YOUR ASSIGNMENT
Quote the records exactly, starting at the first line and stopping after the line with "дело в том, что"; skip the pictures.

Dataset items
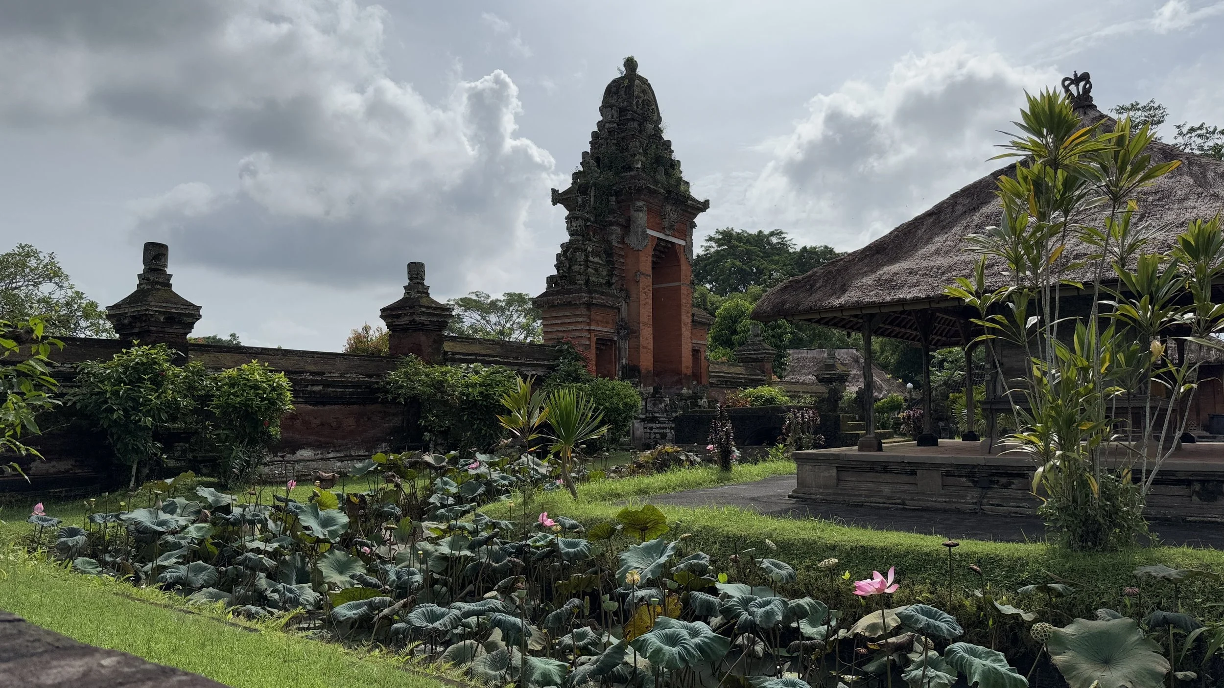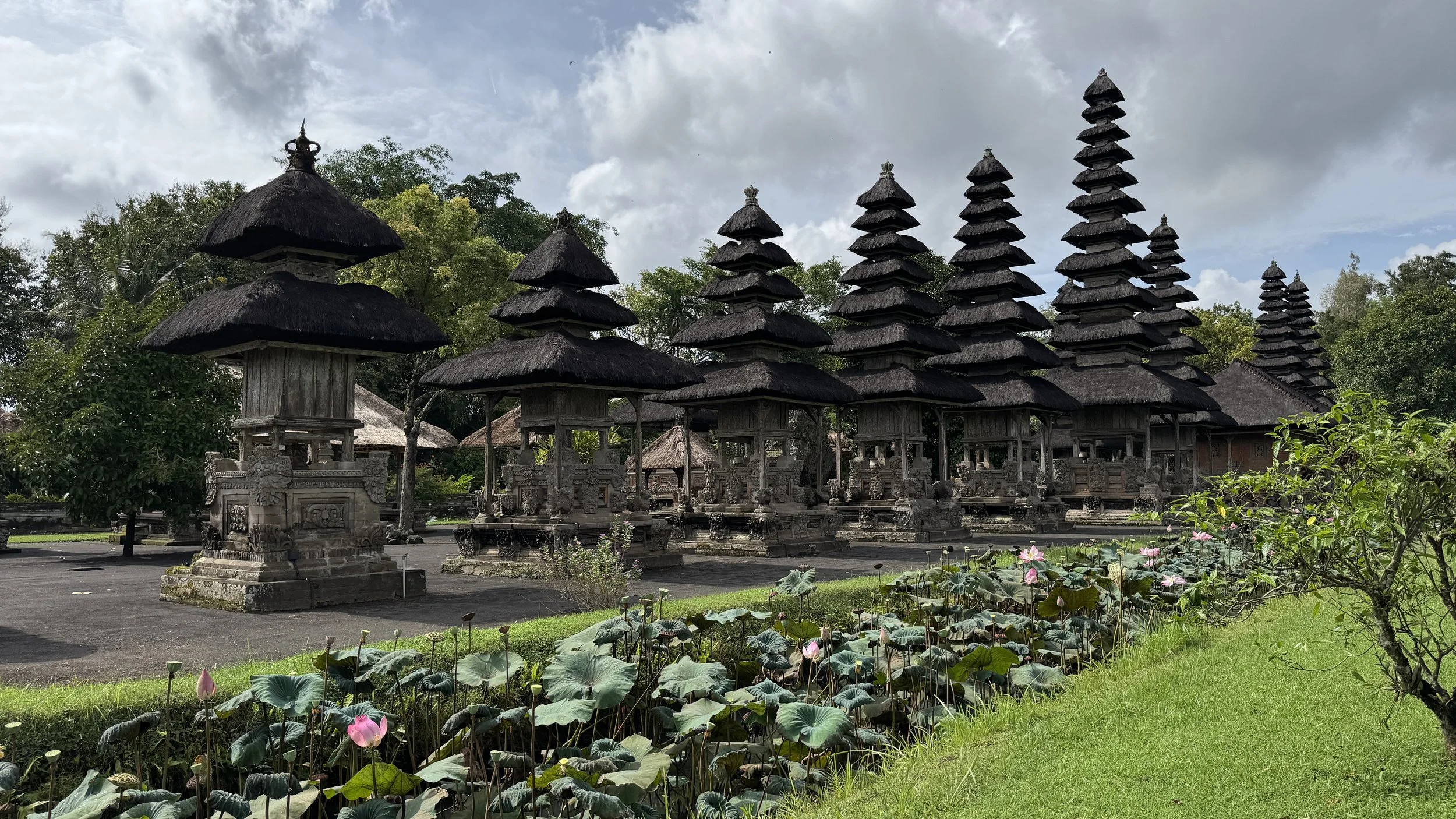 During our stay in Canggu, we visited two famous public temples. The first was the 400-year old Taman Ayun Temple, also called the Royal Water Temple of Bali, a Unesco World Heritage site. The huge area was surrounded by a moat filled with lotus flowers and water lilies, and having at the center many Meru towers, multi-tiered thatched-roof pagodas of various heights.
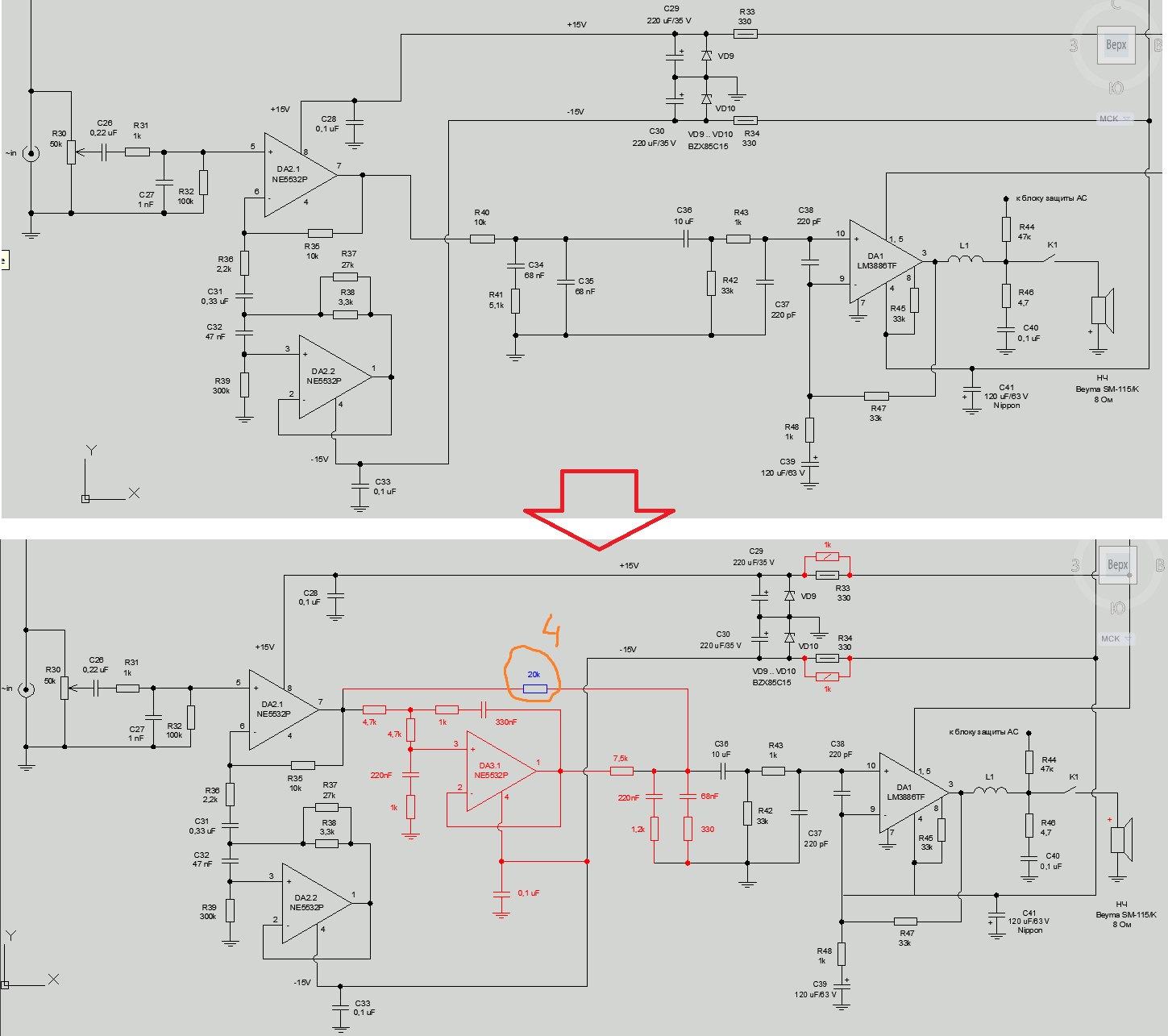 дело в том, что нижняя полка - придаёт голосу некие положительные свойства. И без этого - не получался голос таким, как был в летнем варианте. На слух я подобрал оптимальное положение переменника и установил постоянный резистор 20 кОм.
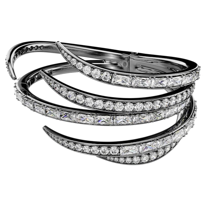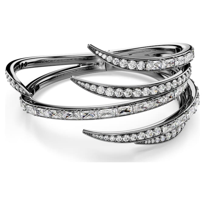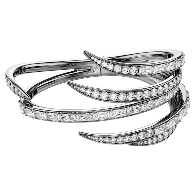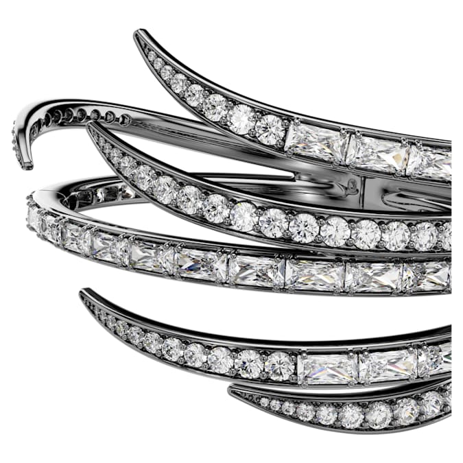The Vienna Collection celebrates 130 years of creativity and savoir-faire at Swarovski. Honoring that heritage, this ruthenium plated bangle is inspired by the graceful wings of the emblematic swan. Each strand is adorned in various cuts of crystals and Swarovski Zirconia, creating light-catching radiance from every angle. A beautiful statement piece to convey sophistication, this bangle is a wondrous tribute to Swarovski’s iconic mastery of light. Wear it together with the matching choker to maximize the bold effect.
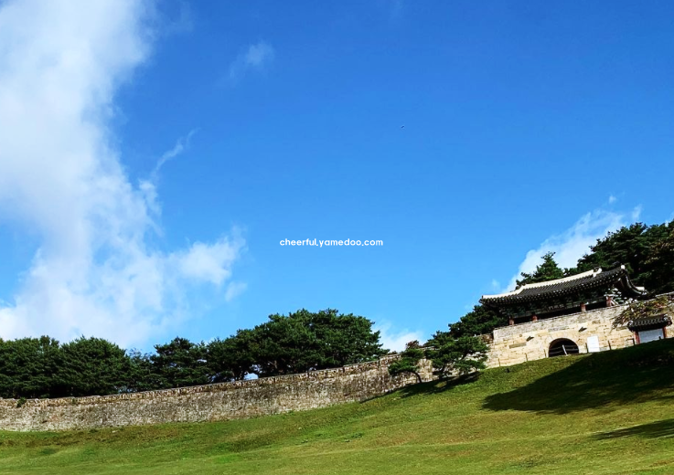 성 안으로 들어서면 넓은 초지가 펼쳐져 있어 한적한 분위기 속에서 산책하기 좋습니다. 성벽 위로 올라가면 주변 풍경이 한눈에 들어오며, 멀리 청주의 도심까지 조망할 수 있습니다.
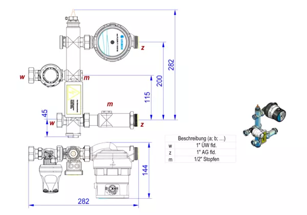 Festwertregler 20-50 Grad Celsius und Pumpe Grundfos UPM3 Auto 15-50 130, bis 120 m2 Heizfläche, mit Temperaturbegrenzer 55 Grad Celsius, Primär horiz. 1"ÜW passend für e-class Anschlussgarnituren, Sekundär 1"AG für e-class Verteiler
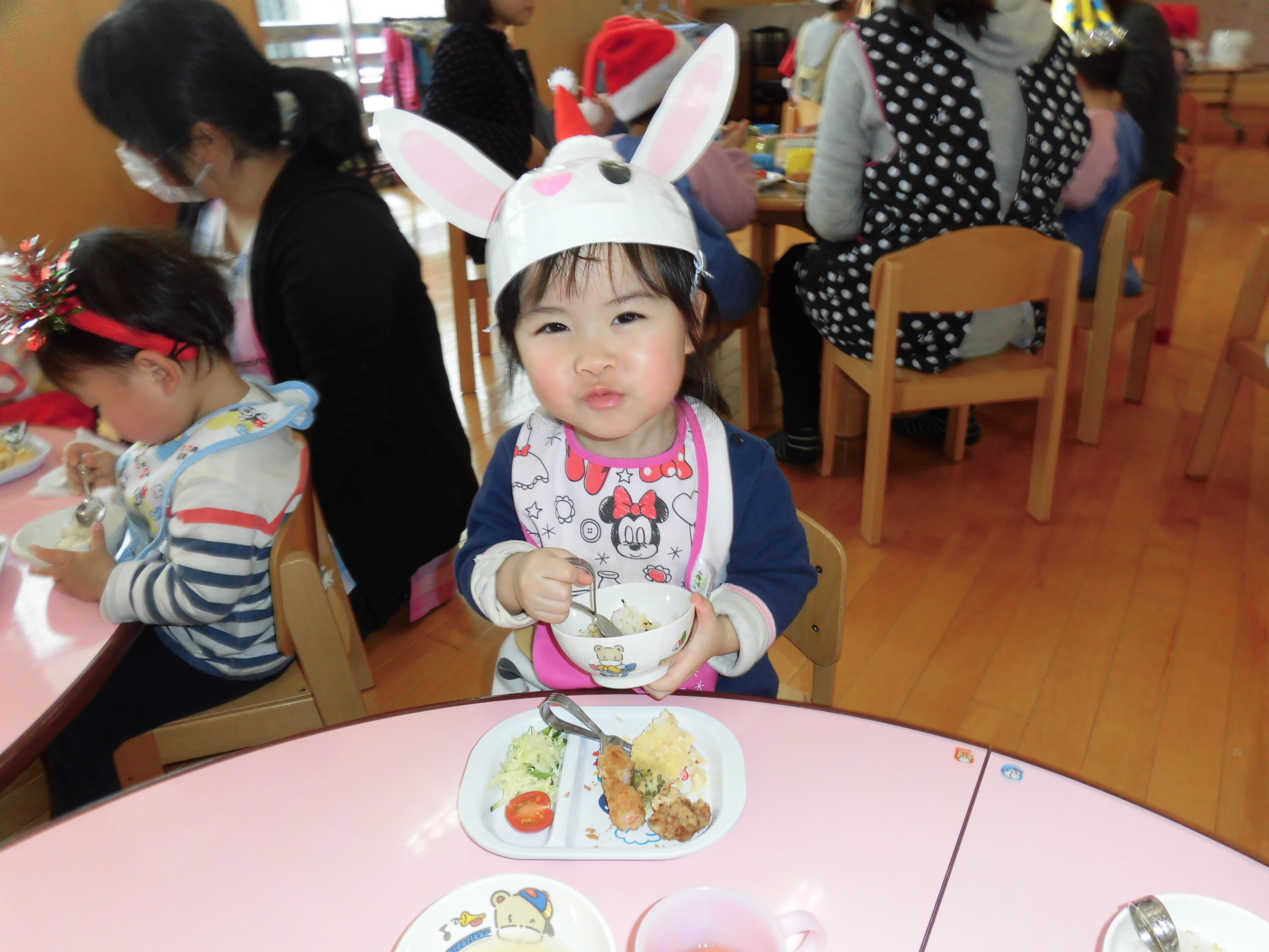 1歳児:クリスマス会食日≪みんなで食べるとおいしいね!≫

WRITTEN ANSWER
 During our stay in Canggu, we visited two famous public temples. The first was the 400-year old Taman Ayun Temple, also called the Royal Water Temple of Bali, a Unesco World Heritage site. The huge area was surrounded by a moat filled with lotus flowers and water lilies, and having at the center many Meru towers, multi-tiered thatched-roof pagodas of various heights.
 дело в том, что нижняя полка - придаёт голосу некие положительные свойства. И без этого - не получался голос таким, как был в летнем варианте. На слух я подобрал оптимальное положение переменника и установил постоянный резистор 20 кОм.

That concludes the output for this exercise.